Thanks to Tim for providing some packet captures. Anybody else seeing "weird" TCP packets? In particular we are interested if you see them OUTBOUND. We are looking for the likely broken tool that may generate these packets.
Some of the packet properties:
- Packet size of 60 bytes (IP Headers + TCP)
- Protocol is always TCP
- various TOS values
- various (random?) IP IDs. But repeating for same source IP
- various TTLs (possible that packets from different IPs actually originate from different host)
- DF flag is set
- some source IPs are clearly "odd", e.g. multicast?source IPs like 255.127.0.0
- TCP source and dest port is 0
- Sequence numbers sometimes repeat even if source IPs change (argument for likely spoofed sources)

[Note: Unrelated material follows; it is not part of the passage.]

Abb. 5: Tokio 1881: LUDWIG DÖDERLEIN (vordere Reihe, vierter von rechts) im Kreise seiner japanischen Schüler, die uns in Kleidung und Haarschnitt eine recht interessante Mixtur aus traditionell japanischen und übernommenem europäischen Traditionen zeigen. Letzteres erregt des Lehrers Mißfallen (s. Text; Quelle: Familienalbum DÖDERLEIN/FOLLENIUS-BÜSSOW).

- overall malformed TCP headers (e.g. header size < 20, various bad flag combinations).
- Window size of 6667 (maybe this was supposed to be the source or dest. port?)
- The packets arrive at relatively high rate (couple packets/sec with breaks... )

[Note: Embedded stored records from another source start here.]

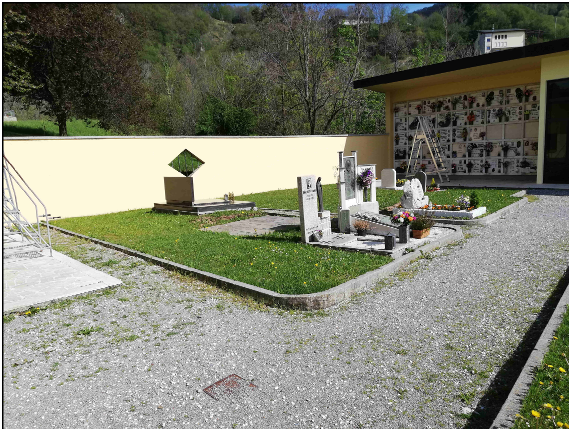
F.07 – Vista Campo B
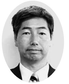
山瀬 忠吉 議員 (公明党議員団)
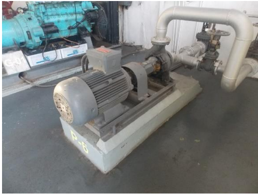
Gambar 5 Posisi genset tepat di sebelah backloading pump

Quick tshark?output?of a sample with obfuscated target IP:
85.133.23.50 -> x.y.z.14 TCP 74 [TCP Retransmission] 0?0 [SYN, RST, ACK, URG, ECN, CWR, NS, Reserved] Seq=0 Ack=1 Win=6667 Urg=0 Len=0
85.133.23.50 -> x.y.z.14 TCP 74 [TCP Retransmission] 0?0 [SYN, RST, ACK, URG, ECN, CWR, NS, Reserved] Seq=0 Ack=1 Win=6667 Urg=0 Len=0
192.99.37.41 -> x.y.z.119 TCP 74 [TCP Retransmission] 0?0 [FIN, SYN, RST, PSH, URG, CWR, NS, Reserved] Seq=0 Win=6667 Urg=0 Len=16
192.99.37.41 -> x.y.z.119 TCP 74 [TCP Retransmission] 0?0 [FIN, SYN, RST, PSH, URG, CWR, NS, Reserved] Seq=0 Win=6667 Urg=0 Len=16
192.99.37.41 -> x.y.z.119 TCP 74 [TCP Retransmission] 0?0 [FIN, SYN, RST, PSH, URG, CWR, NS, Reserved] Seq=0 Win=6667 Urg=0 Len=16
192.99.37.41 -> x.y.z.119 TCP 74 [TCP Retransmission] 0?0 [FIN, SYN, RST, PSH, URG, CWR, NS, Reserved] Seq=0 Win=6667 Urg=0 Len=16
192.95.30.185 -> x.y.z.24 TCP 74 0?0 [FIN, PSH, ACK, URG, ECN, Reserved] Seq=1 Ack=1 Win=6667, bogus TCP header length (0, must be at least 20)
137.118.96.23 -> x.y.z.70 TCP 74 0?0 [FIN, SYN, RST, PSH, URG, ECN, CWR, NS, Reserved] Seq=0 Win=6667, bogus TCP header length (12, must be at least 20)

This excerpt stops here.